Mamoru Hatakeyama (畠山 鎮, Hatakeyama Mamoru) is a Japanese professional shogi player ranked 8-dan.

==Early life and apprenticeship==
Hatakeyama was born in Kanagawa Prefecture on June 3, 1969. He earned how to play shogi when he was seven years old after watching his eldest brother playing against his father. Although he and his twin brother Naruyuki learned the game at the same age, he always seem to following in Naruyuki's footsteps.

He entered the Japan Shogi Association's apprentice school in 1984 as apprentice to shogi professional Masayuki Moriyasu at the rank of 6-kyū, even though Naruyuki had entered a year earlier and was already ranked 3-kyū. Hatakeyama was promoted to 1-dan in 1986 (the same year as Naruyuki), and to full-professional status and the rank of 4-dan in October 1989 along with Naruyuki after both brothers finished the 5th 3-dan League (April 1989 – September 1989) with records of 12 wins and 6 losses.

==Shogi professional==
In 2003, Hatakeyama became the first shogi professional to lose an official NHK Cup NHK Cup TV Shogi Tournament game to a female shogi professional when he was defeated by Hiroe Nakai in Round 1 of the 53rd NHK Cup.

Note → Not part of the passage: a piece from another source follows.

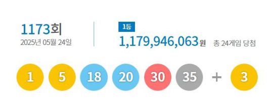 [서울=뉴시스] 24일 실시된 제1173회 동행복권 로또 추첨 결과 1등 당첨 번호는 '1, 5, 18, 20, 30, 35'이며 보너스 번호는 '3'으로 결정됐다. (사진=동행복권 홈페이지 캡처) 2025.05.24. photo@newsis.com *재판매 및 DB 금지 *재판매 및 DB 금지

On September 11, 2023, Hatakeyama became the 60th professional player to win 600 official games.

===Promotion history===
Hatakeyama's promotion history is as follows:
- 6-kyū: 1984
- 1-dan: 1986
- 4-dan: October 1, 1989
- 5-dan: December 24, 1993
- 6-dan: April 27, 1999
- 7-dan: April 1, 2006
- 8-dan: September 12, 2019

===Awards and honors===
In 2014, Hatakeyama received the Japan Shogi Association's "25 Years Service Award" for being an active professional for twenty-five years. In September 2023, he was awarded the JSA's "Shogi Honor Award"for winning 600 official games.

==Personal life==
Hatakeyama's twin brother Naruyuki is also a professional shogi player. They are the only twins to become professional in history and both became (4-dan) professionals on the same day.